WHAT THE TASK REQUIRES
Going from the line that contains "Sortland. Udobna soba" through the last line of the records, set down each line again exactly, both included, with pictures left out.

Stored items from a collection
= Beginning of Section =
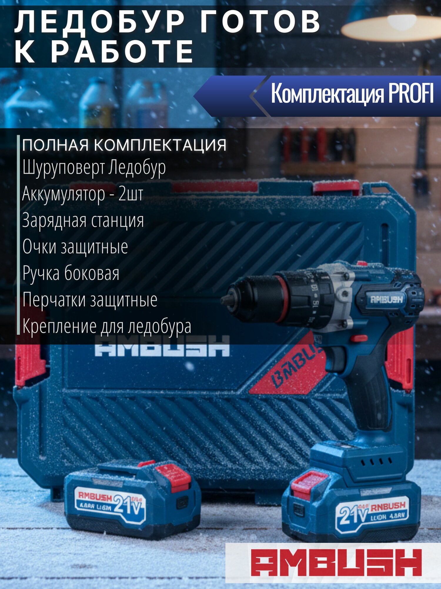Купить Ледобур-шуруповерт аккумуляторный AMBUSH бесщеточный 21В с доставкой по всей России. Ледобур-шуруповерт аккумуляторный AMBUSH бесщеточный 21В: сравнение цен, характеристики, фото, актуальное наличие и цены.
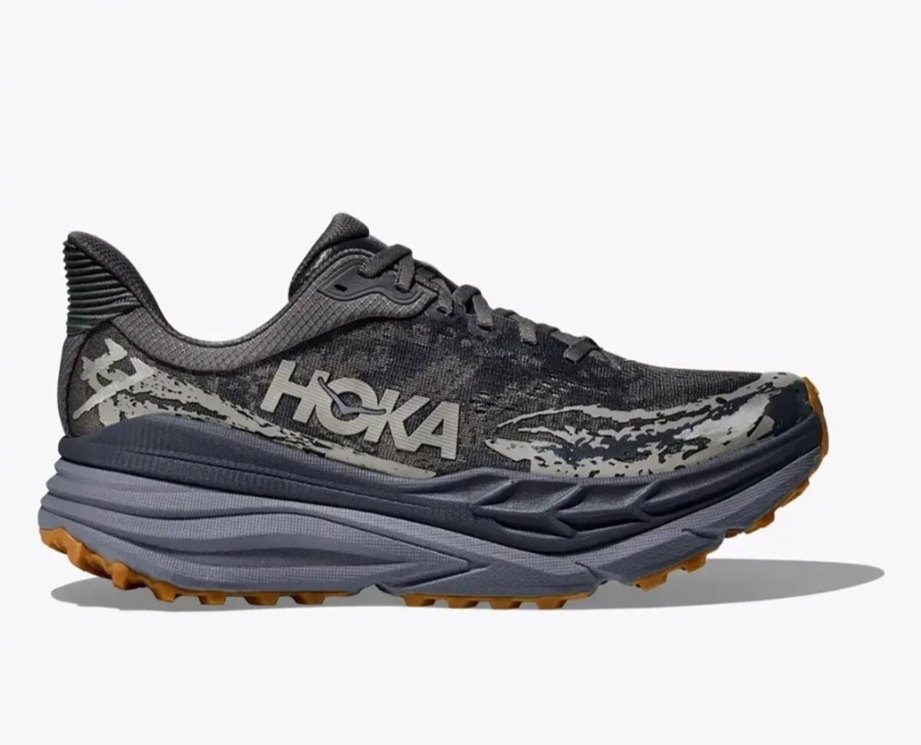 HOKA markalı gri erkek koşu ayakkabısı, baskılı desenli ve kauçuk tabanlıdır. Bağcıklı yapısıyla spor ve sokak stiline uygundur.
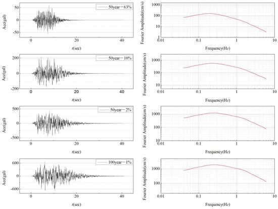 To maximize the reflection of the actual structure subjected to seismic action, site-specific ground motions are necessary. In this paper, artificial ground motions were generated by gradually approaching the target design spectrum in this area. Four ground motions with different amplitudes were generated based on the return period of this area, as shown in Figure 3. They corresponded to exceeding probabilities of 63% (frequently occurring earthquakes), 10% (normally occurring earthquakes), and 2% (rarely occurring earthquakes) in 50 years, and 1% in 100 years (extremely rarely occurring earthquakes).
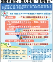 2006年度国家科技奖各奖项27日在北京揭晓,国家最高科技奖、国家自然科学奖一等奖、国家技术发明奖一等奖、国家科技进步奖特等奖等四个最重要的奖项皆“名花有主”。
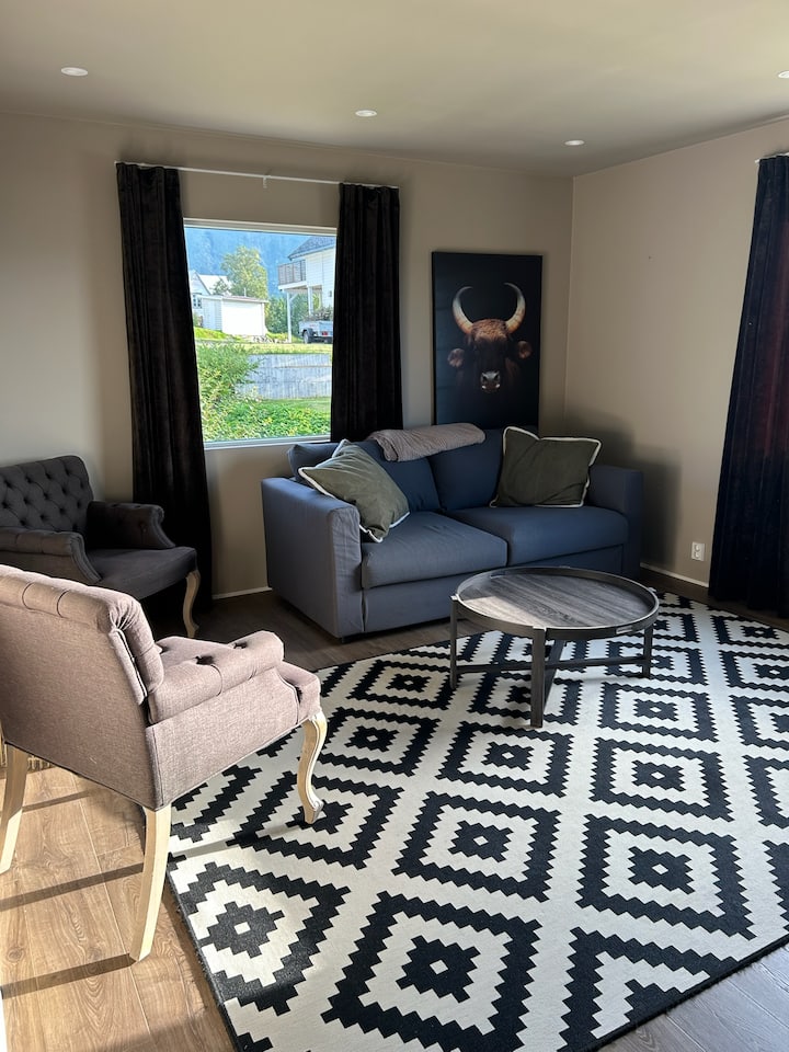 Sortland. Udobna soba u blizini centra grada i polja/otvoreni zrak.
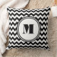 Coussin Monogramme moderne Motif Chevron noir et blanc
= End of Section =
ANSWER
 Sortland. Udobna soba u blizini centra grada i polja/otvoreni zrak.
 Coussin Monogramme moderne Motif Chevron noir et blanc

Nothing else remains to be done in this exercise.